Data shown:

========================================

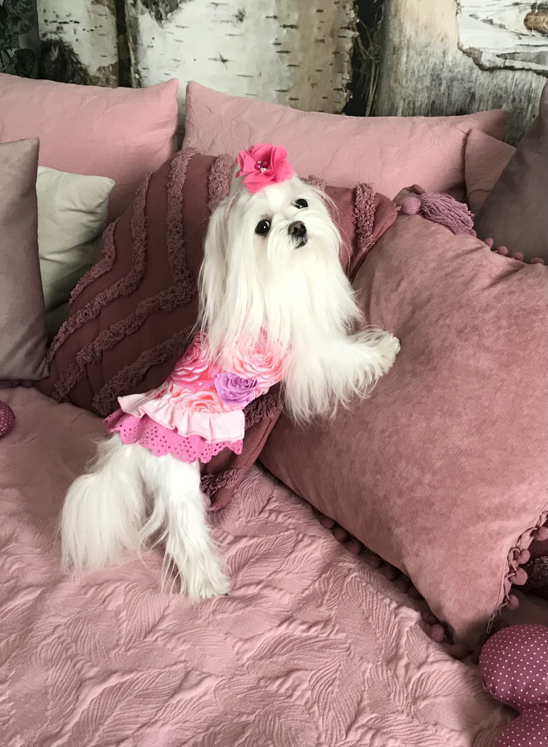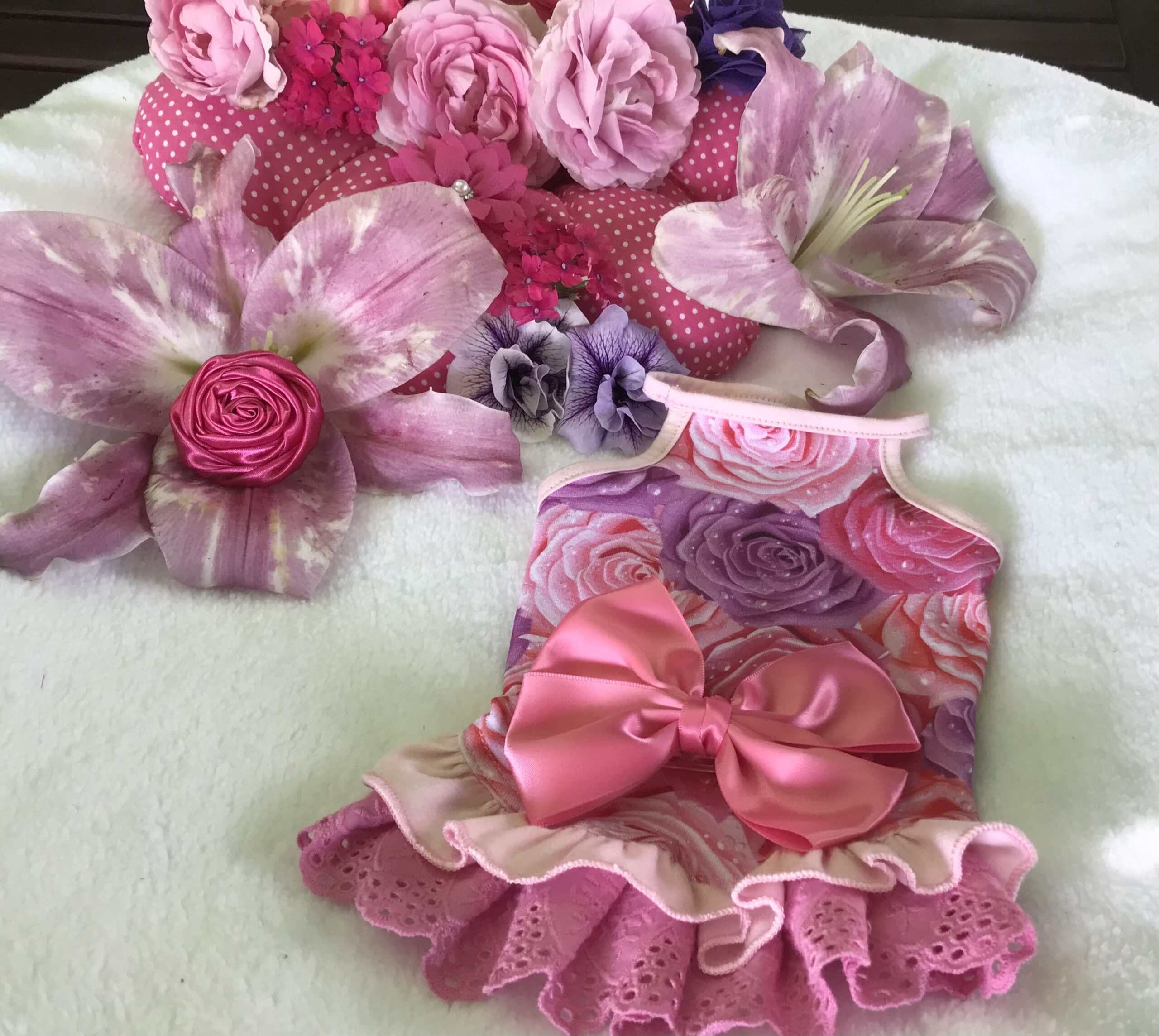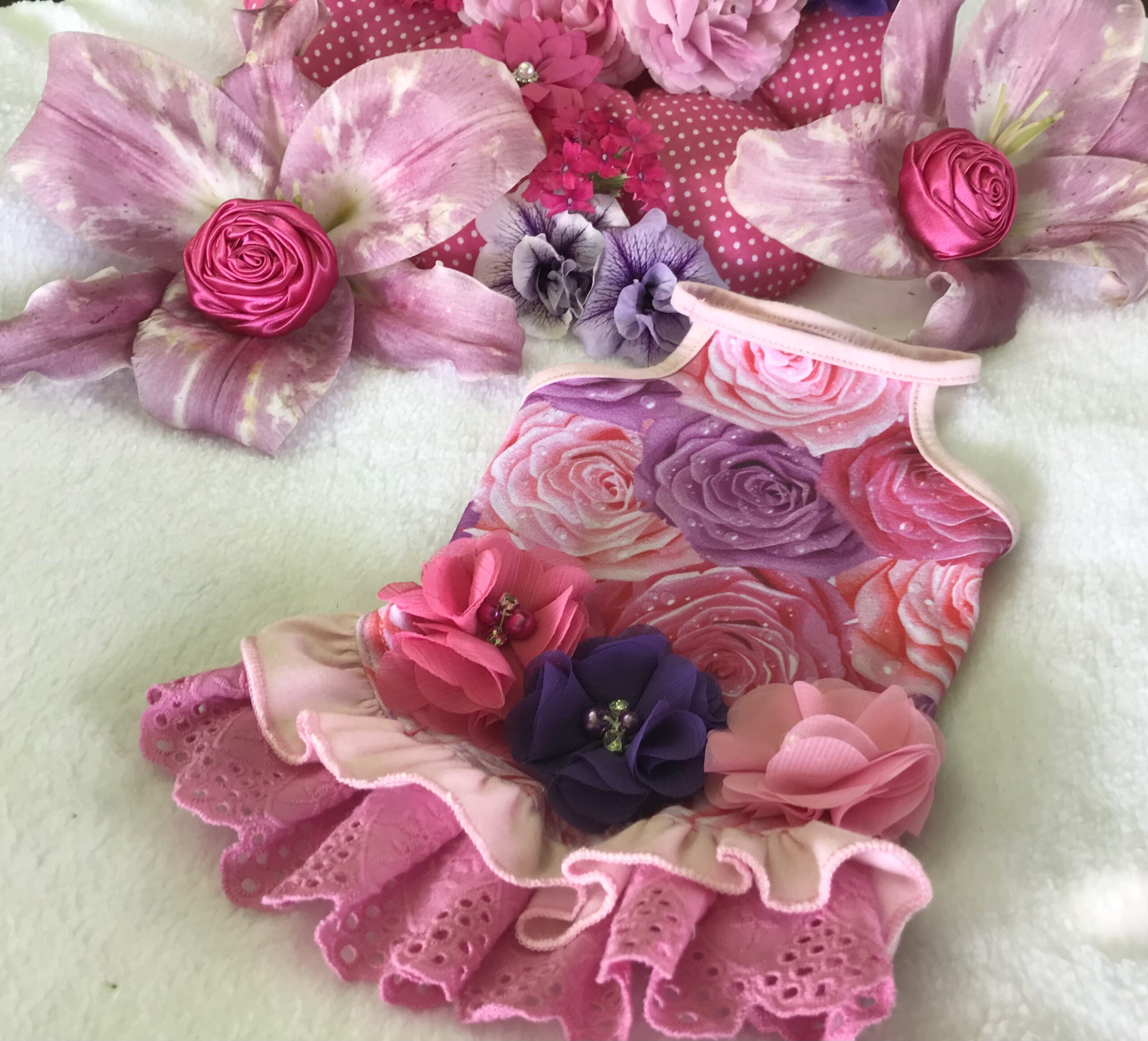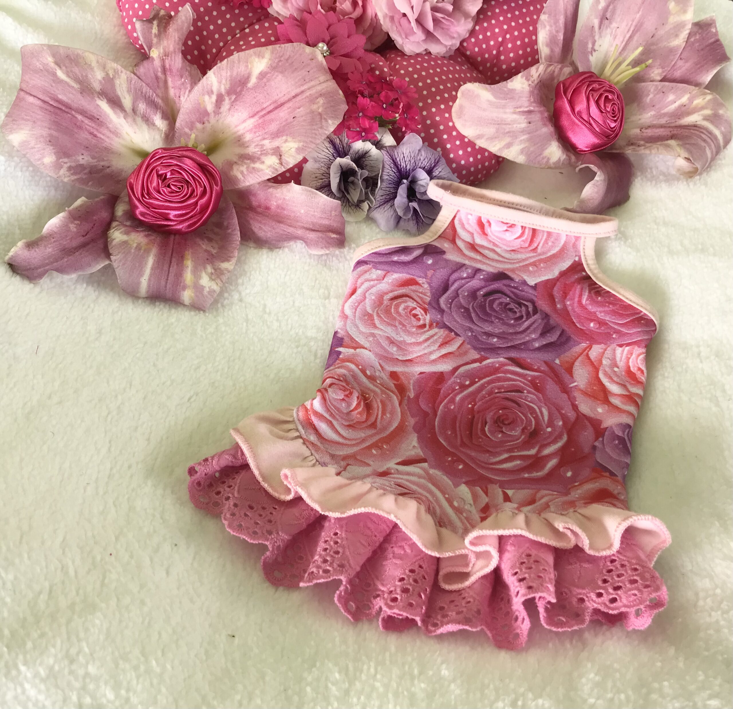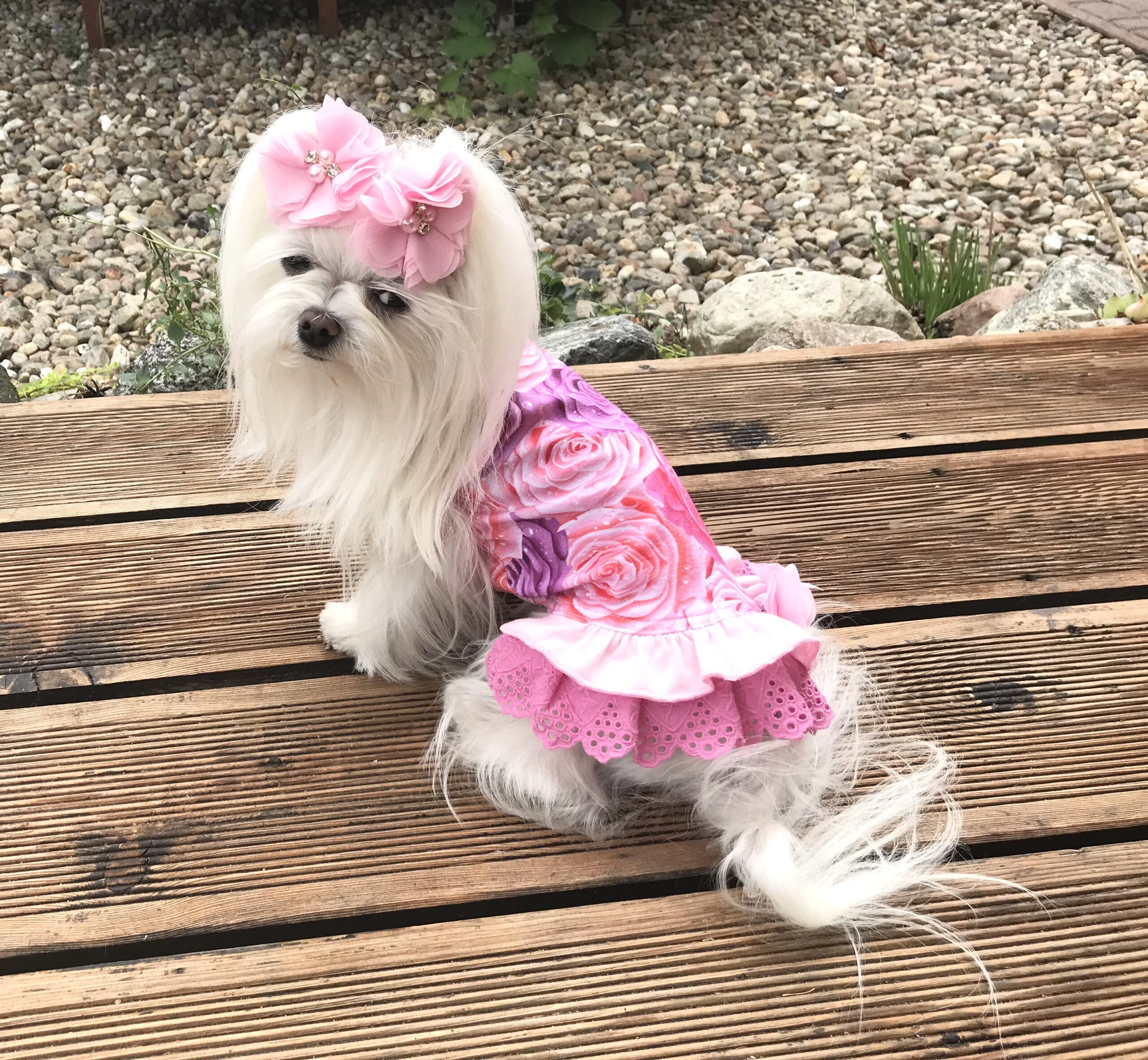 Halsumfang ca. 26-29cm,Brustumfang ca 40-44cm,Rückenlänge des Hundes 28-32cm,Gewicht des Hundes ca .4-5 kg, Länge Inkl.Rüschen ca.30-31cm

========================================

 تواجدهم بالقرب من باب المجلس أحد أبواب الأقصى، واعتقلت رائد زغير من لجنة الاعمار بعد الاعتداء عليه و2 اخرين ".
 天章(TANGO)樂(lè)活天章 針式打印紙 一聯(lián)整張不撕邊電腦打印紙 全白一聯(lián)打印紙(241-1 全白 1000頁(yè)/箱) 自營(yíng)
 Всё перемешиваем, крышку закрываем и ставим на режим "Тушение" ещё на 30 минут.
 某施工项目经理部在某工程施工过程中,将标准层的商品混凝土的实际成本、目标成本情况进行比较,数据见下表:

========================================

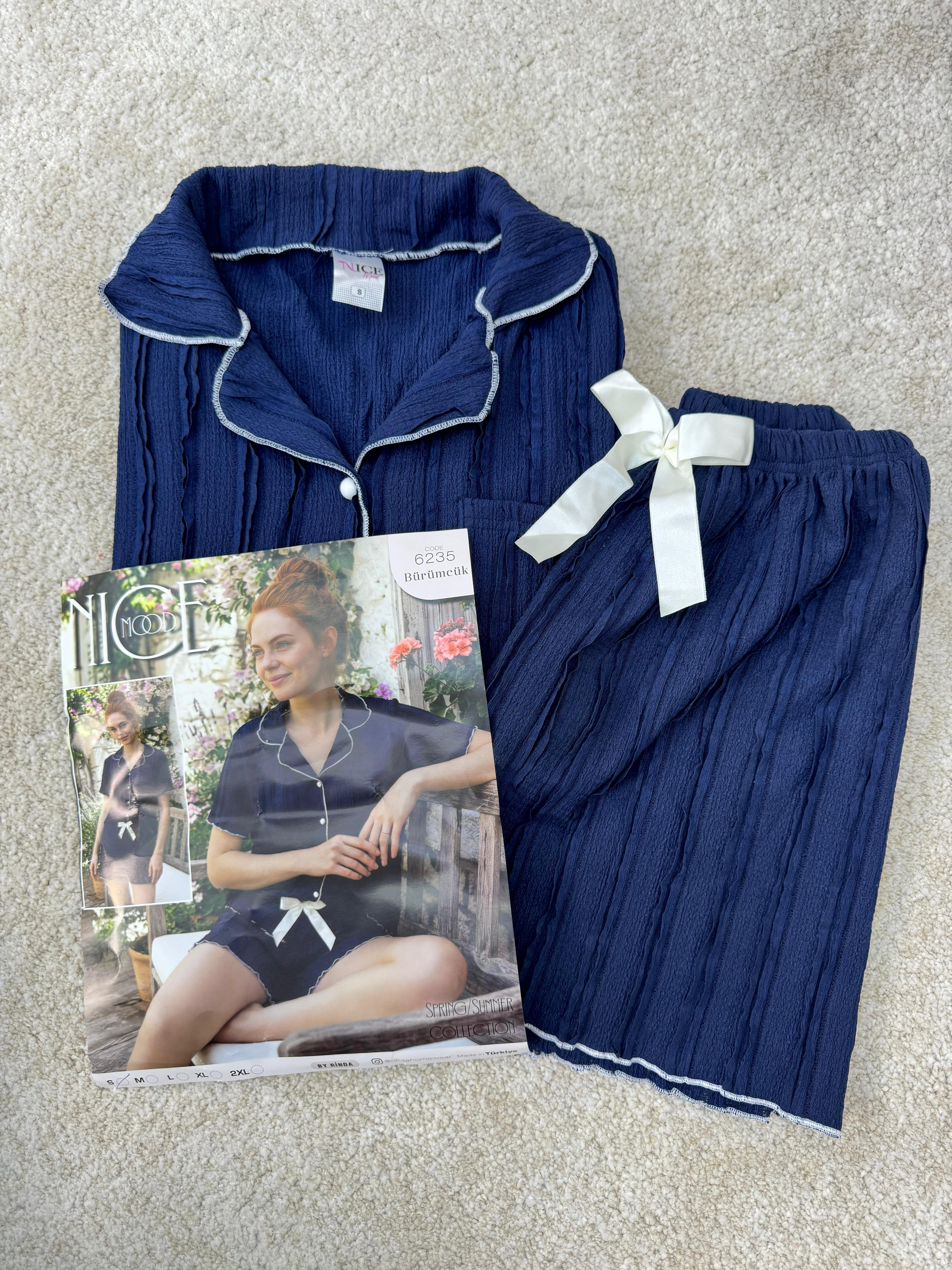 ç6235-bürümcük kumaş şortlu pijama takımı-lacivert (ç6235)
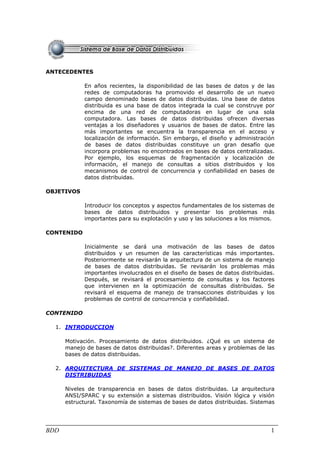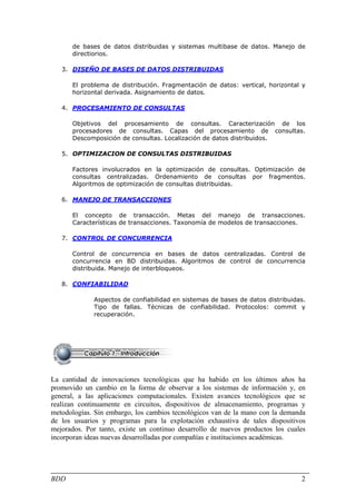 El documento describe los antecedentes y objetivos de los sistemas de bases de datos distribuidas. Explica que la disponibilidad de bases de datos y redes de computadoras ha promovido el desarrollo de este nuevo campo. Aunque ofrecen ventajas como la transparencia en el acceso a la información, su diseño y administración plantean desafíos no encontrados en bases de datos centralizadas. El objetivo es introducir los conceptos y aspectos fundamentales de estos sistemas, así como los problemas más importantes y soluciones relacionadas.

========================================

The task: Among the lines above, find the one with "天章(TANGO)樂(lè)活天章 針式打印紙 一聯(lián)整張不撕邊電腦打印紙" and the one with "某施工项目经理部在某工程施工". Quote both and everything between them, exactly.

Solution for this problem:
 天章(TANGO)樂(lè)活天章 針式打印紙 一聯(lián)整張不撕邊電腦打印紙 全白一聯(lián)打印紙(241-1 全白 1000頁(yè)/箱) 自營(yíng)
 Всё перемешиваем, крышку закрываем и ставим на режим "Тушение" ещё на 30 минут.
 某施工项目经理部在某工程施工过程中,将标准层的商品混凝土的实际成本、目标成本情况进行比较,数据见下表:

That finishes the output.